(SANTA CRUZ, Calif.) -- Police in Santa Cruz, California are using a complicated math equation to predict where crimes will likely happen in an effort to better utilize their shrinking force to stop the bad guys in their tracks.
"Crime is not random," said Zach Friend, the department's crime analyst. "You can actually predict the kinds of things that people will do."
The computer program utilizing this algorithm is at the center of a six-month effort called "predictive policing" that the department started in July. Eight years of crime data were first entered into the program so it could track and pinpoint crimes.
Now, it spits out 10 detailed maps daily complete with "hot spots" -- a forecast of where new crimes are most likely to occur.
A specific crime is broken down to the two most likely time periods it will probably occur -- say, noon to 1 p.m. or 4 to 5 p.m. -- so if an officer is working during that time, he or she knows to check that area.

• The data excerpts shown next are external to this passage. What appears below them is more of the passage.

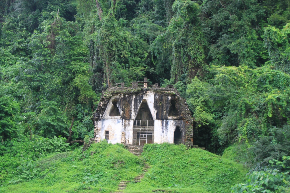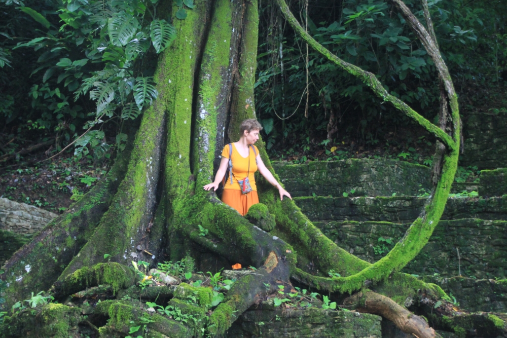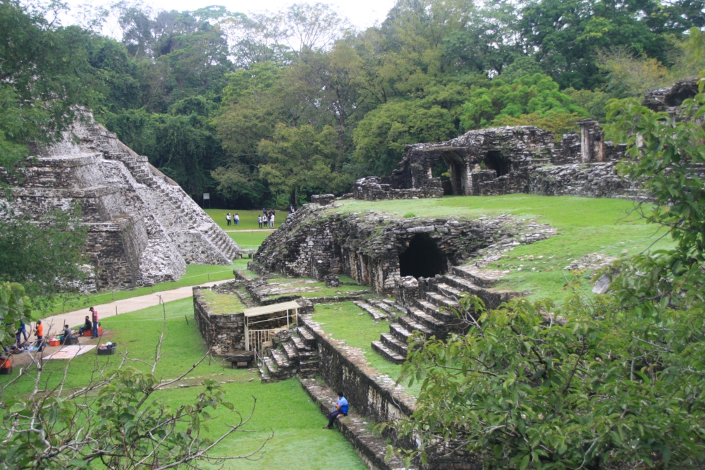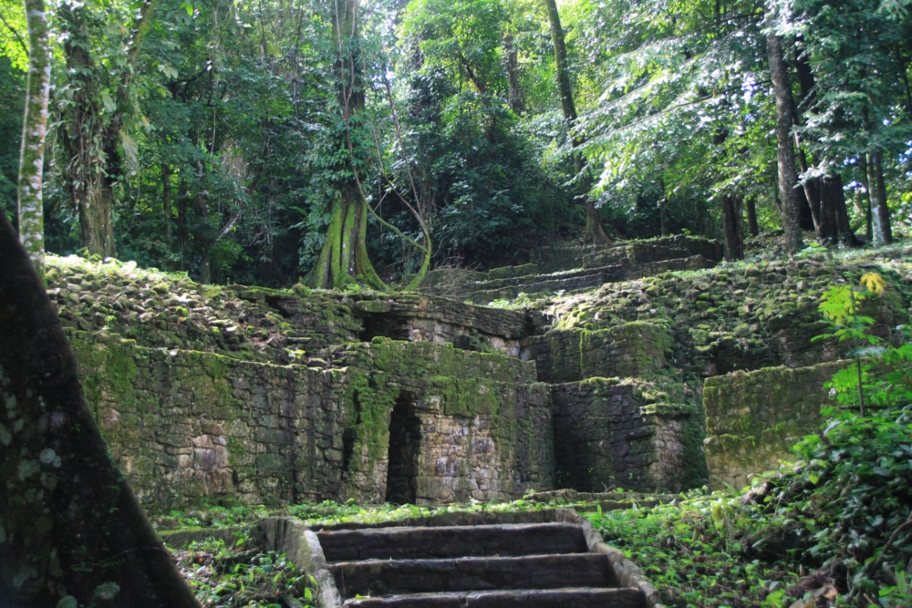 Вокруг города такие же пышные и зеленые джунгли, как в Яшчилане. Вообще-то тут недалеко. Города были соперниками и воевали между собой.
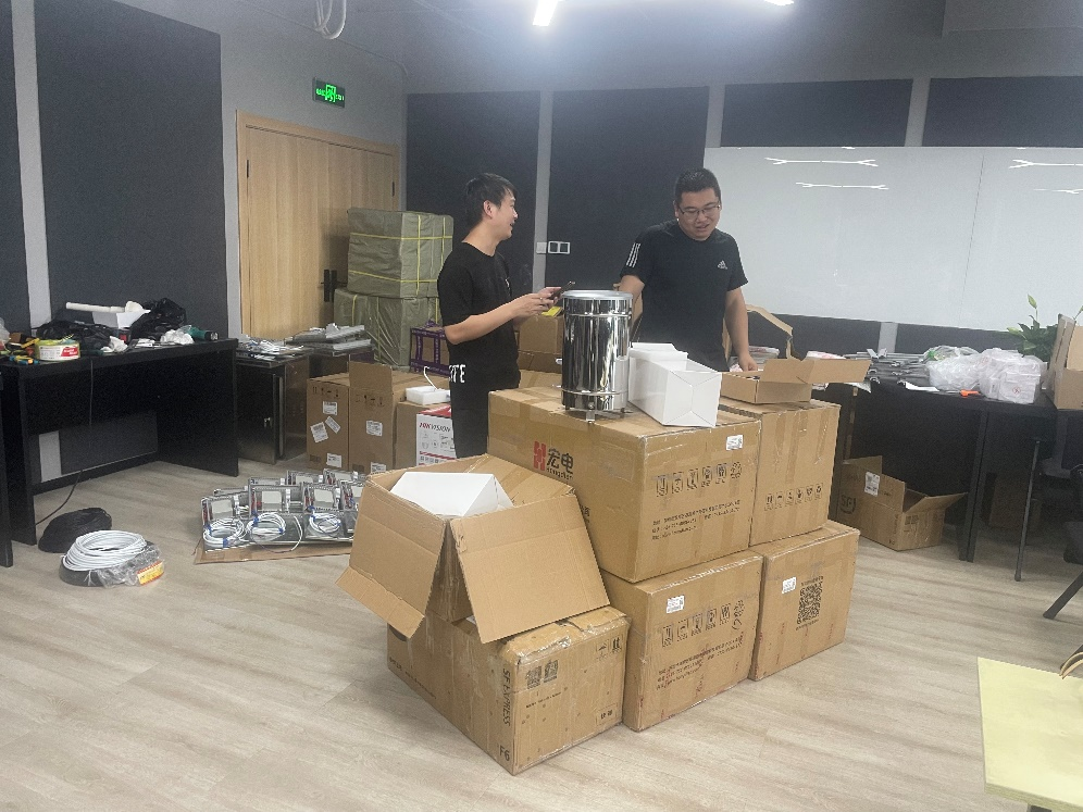 物聯網部的同事正在大汗淋漓的和業主驗收設備。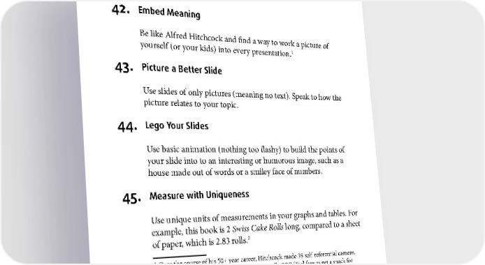 PRESENTATIONS 42. Embed Meaning Be like Alfred Hitchcock and find a way to work a picture of 1 yourself (or your kids) into every presentation. 43. Picture a Better Slide Use slides of only pictures (meaning no text). Speak to how the picture relates to your topic. 44. Lego Your Slides Use basic animation (nothing too flashy) to build the points of your slide into to an interesting or humorous image, such as a house made out of words or a smiley face of numbers. 45. Measure with Uniqueness Use unique units of measurements in your graphs and tables. For example, this book is 2 Swiss Cake Rolls long, compared to a sheet 2 of paper, which is 2.83 rolls. 1 Over the course of his 50+ year career, Hitchcock made 39 self-referential cameos. 2 Great, now I have a craving for Swiss Cake Rolls. BRB (Feel free to get a snack for yourself, too.) 35

In the last decade, Santa Cruz saw a 20 percent reduction in its staff but a 30 percent increase in calls for service, according to Friend.

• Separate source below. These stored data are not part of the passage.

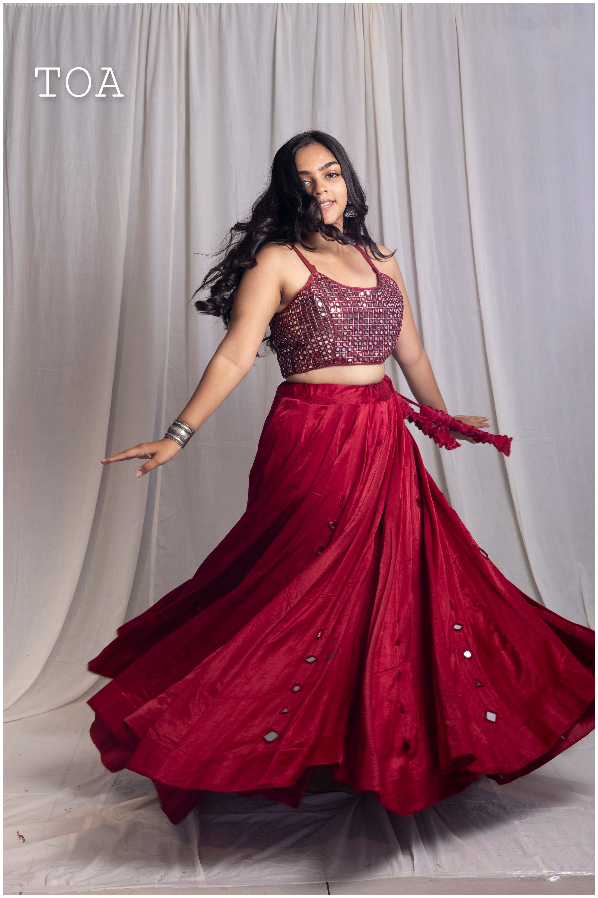 Crafted from luxurious gaji silk fabric, this skirt features 24 panels (kallis) and boasts an impressive 9+ meters of flare. Adorned with exquisite hand mirror work in a designer up-and-down pattern on each kalli, it also includes a convenient zip pocket. Perfect for any occasion, this skirt lets you flaunt your style like a diva.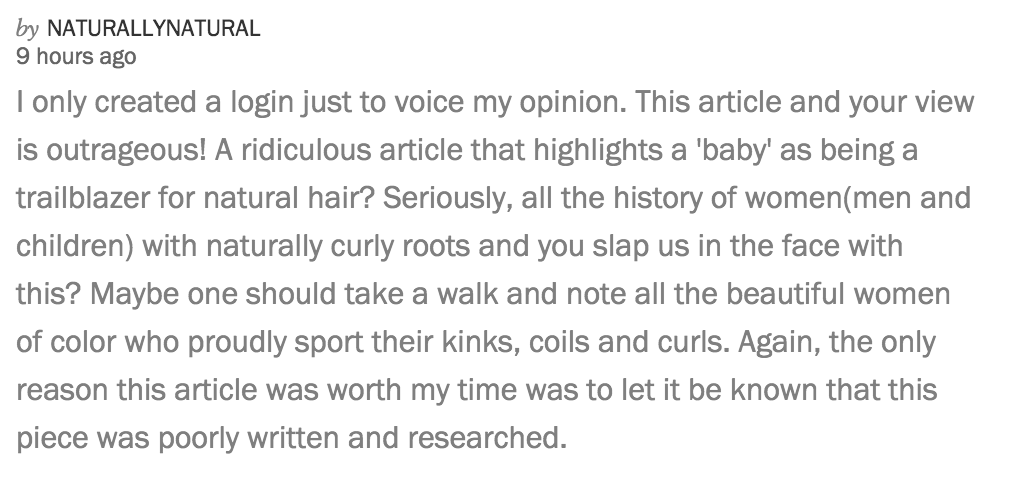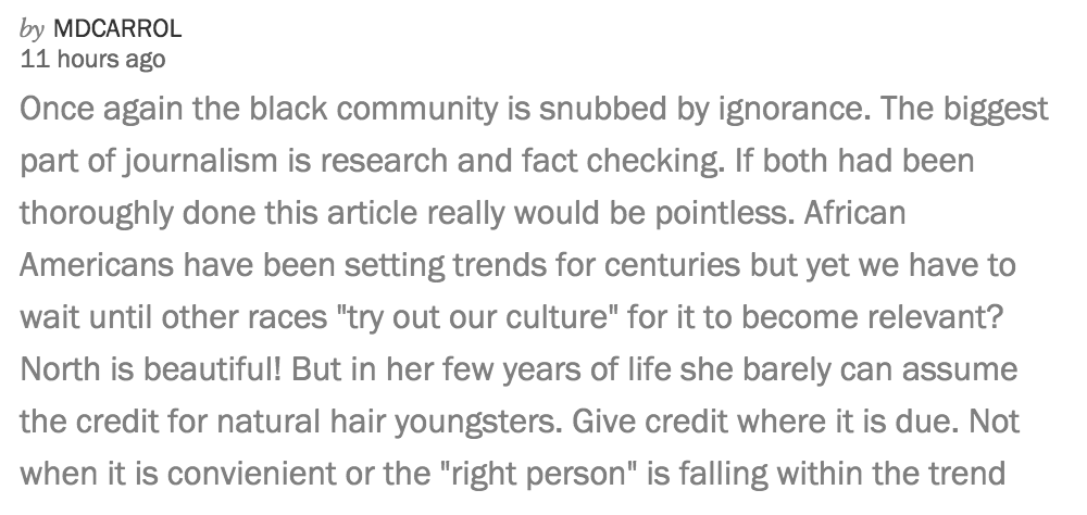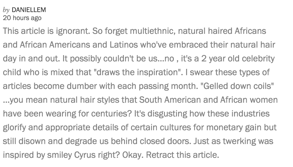 Now, a lot of the comments went in on Carlos and her article. VOGUE.com readers did not hold back on their disappointment of misplaced hair-do credentials.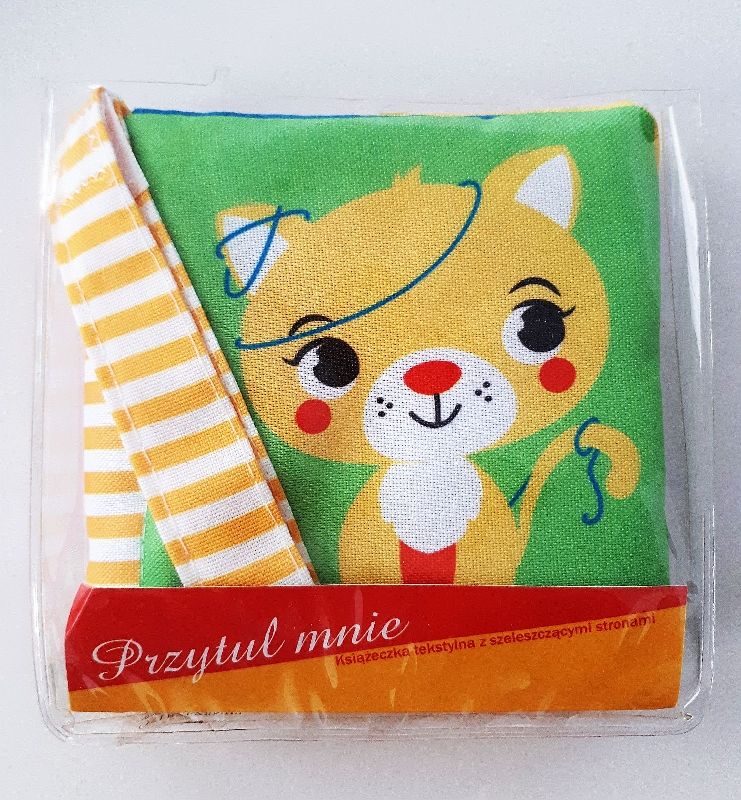 Seria obrazkowych książeczek dla najmłodszych dzieci, wykonanych z tkaniny. Piękne, kolorowe ilustracje zwierzątek zachęcą dzieci do poznawania otaczającego je świata. Ostatnia strona ksiażeczki ma wbudowaną wewnątrz szeleszczącą folię. Każda książeczka wyposażona jest w paseczek z rzepem, który umożliwi rodzicowi przyczepienie książeczki do wózeczka, by dziecko zawsze mogło ją mieć ze sobą. Książeczki zapakowane w filową torebkę z headerem z eurodziurką zapinaną na nap .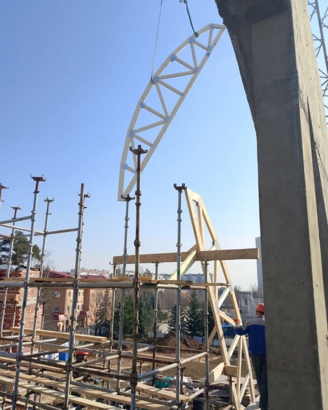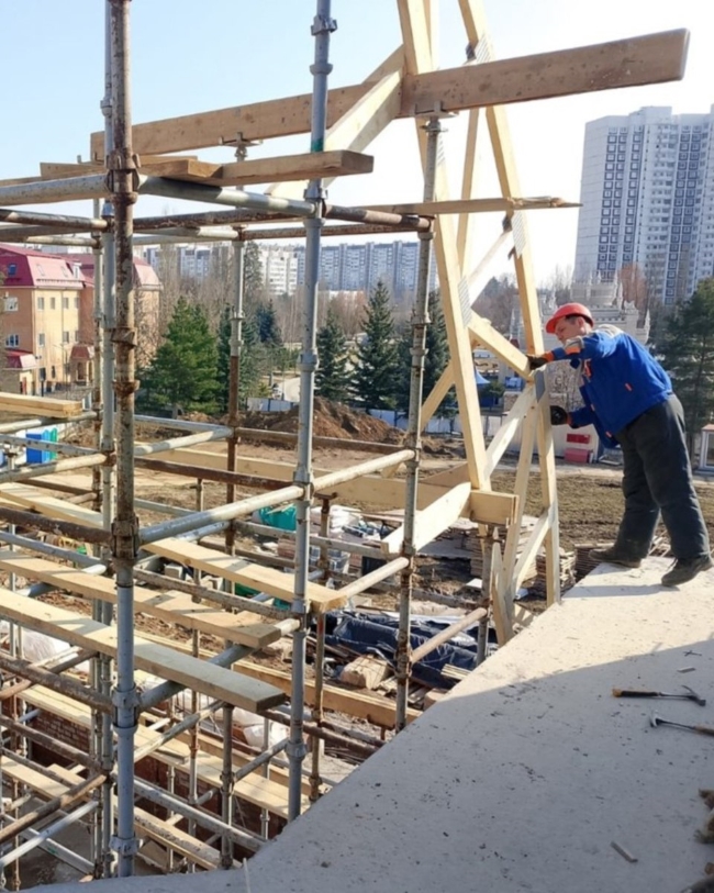 С начала года на стройке выполняются монолитные работы — возводят стены, перекрытия, лестницы, а также кирпично-армированную кладку стен колокольни и входной группы. В конце апреля планируют начать кладку стен звонницы.

"As we continue budget cuts, as we are facing less and less police officers on the streets, we need to leverage technology to become more effective and efficient," he said.

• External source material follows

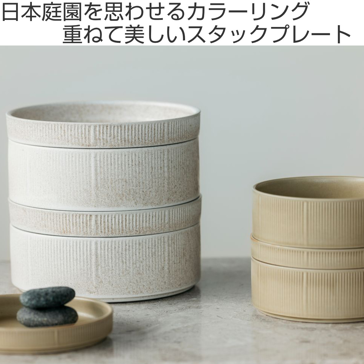 同シリーズのボウルとスタッキングできるため、お重のように重ねて盛り付ける演出も楽しめます。使わない時は重ねて省スペースに、すっきりスマートに収納できます。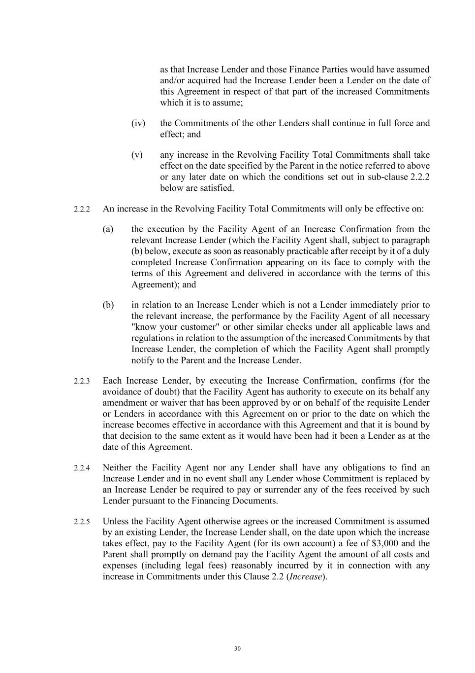 30 as that Increase Lender and those Finance Parties would have assumed and/or acquired had the Increase Lender been a Lender on the date of this Agreement in respect of that part of the increased Commitments which it is to assume; (iv) the Commitments of the other Lenders shall continue in full force and effect; and (v) any increase in the Revolving Facility Total Commitments shall take effect on the date specified by the Parent in the notice referred to above or any later date on which the conditions set out in sub-clause 2.2.2 below are satisfied. 2.2.2 An increase in the Revolving Facility Total Commitments will only be effective on: (a) the execution by the Facility Agent of an Increase Confirmation from the relevant Increase Lender (which the Facility Agent shall, subject to paragraph (b) below, execute as soon as reasonably practicable after receipt by it of a duly completed Increase Confirmation appearing on its face to comply with the terms of this Agreement and delivered in accordance with the terms of this Agreement); and (b) in relation to an Increase Lender which is not a Lender immediately prior to the relevant increase, the performance by the Facility Agent of all necessary "know your customer" or other similar checks under all applicable laws and regulations in relation to the assumption of the increased Commitments by that Increase Lender, the completion of which the Facility Agent shall promptly notify to the Parent and the Increase Lender. 2.2.3 Each Increase Lender, by executing the Increase Confirmation, confirms (for the avoidance of doubt) that the Facility Agent has authority to execute on its behalf any amendment or waiver that has been approved by or on behalf of the requisite Lender or Lenders in accordance with this Agreement on or prior to the date on which the increase becomes effective in accordance with this Agreement and that it is bound by that decision to the same extent as it would have been had it been a Lender as at the date of this Agreement. 2.2.4 Neither the Facility Agent nor any Lender shall have any obligations to find an Increase Lender and in no event shall any Lender whose Commitment is replaced by an Increase Lender be required to pay or surrender any of the fees received by such Lender pursuant to the Financing Documents. 2.2.5 Unless the Facility Agent otherwise agrees or the increased Commitment is assumed by an existing Lender, the Increase Lender shall, on the date upon which the increase takes effect, pay to the Facility Agent (for its own account) a fee of $3,000 and the Parent shall promptly on demand pay the Facility Agent the amount of all costs and expenses (including legal fees) reasonably incurred by it in connection with any increase in Commitments under this Clause 2.2 (Increase).

Officer Bernie Escalante said that with fewer officers on the streets in Santa Cruz, the technology helped fill the gap.
"They give you a map and a square [a hot spot]," he said. "It's very easy to understand [and] hard to screw it up."
And it seems to be working. Friend said that since the program's launch, the algorithm correctly predicted 40 percent of crimes and led to five arrests. In the last six weeks, Santa Cruz also saw a reduction in property crimes including car and home burglaries. Police said burglaries were down 27 percent in July compared to the same month last year.
As reported by The New York Times, the program was developed by a group of researchers, including two mathematicians and an anthropologist, and based on an earthquake aftershock model.